A slightly more informative option would be to report the immediate
caller e.g.:

  void *G__malloc(const char *file, int line, size_t n)
  {
      void *buf;
  
      if (n <= 0)
    n = 1; /* make sure we get a valid request */
  
      buf = malloc(n);
      if (buf)
    return buf;
  
      G_fatal_error(_("G_malloc: unable to allocate %lu bytes at %s:%d"),
                    (unsigned long) n, file, line);
      return NULL;
  }

Then in gisdefs.h:

  -void *G_malloc(size_t);
  +void *G__malloc(const char *, int, size_t);
  +#define G_malloc(n) G__malloc(__FILE__, __LINE__, (n))
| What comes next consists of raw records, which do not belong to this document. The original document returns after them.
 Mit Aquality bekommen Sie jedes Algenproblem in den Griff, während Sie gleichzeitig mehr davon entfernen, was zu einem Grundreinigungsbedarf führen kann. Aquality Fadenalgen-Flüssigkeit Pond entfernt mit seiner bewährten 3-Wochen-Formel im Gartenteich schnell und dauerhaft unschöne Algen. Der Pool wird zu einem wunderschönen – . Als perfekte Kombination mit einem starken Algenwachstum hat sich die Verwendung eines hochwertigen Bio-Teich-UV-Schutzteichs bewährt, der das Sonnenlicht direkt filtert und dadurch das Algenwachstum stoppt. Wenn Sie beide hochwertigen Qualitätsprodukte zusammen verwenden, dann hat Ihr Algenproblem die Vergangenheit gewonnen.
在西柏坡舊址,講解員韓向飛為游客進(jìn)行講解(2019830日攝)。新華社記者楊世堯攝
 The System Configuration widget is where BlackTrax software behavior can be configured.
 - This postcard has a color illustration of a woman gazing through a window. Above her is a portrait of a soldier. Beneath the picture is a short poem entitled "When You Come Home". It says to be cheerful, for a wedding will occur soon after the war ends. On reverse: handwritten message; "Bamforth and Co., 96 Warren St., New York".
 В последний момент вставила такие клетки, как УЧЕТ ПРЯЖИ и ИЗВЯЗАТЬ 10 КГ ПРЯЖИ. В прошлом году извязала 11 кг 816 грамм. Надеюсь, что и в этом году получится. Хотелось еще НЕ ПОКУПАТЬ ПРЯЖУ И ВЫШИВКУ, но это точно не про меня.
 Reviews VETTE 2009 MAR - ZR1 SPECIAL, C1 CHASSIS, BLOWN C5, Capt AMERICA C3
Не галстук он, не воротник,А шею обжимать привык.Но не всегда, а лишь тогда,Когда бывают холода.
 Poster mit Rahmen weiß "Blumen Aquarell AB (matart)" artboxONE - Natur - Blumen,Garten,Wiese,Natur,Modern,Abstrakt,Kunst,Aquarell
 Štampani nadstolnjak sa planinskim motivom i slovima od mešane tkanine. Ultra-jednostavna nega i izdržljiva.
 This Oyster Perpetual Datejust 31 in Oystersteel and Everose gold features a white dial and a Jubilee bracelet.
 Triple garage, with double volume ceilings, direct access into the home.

Alternatively, have G_malloc() call abort() on error; this will
normally generate a coredump (if coredumps are enabled) which can be
examined with gdb to determine the complete call chain and the exact
state of the process.

However, bear in mind that abort()ing on out-of-memory is likely to
produce large coredumps; ensure that "ulimit -c" is set accordingly.

--
Glynn Clements <glynn@gclements.plus.com>

On Sat, Nov 8, 2008 at 1:18 AM, Glynn Clements <glynn@gclements.plus.com> wrote:

Markus Neteler wrote:

I am running GRASS on an external cluster

BTW: It is this nice cluster:
  http://www.hpc2n.umu.se/resources/Akka/
(Akka is ranked 39 on the latest Top 500 list and 16 on Green 500)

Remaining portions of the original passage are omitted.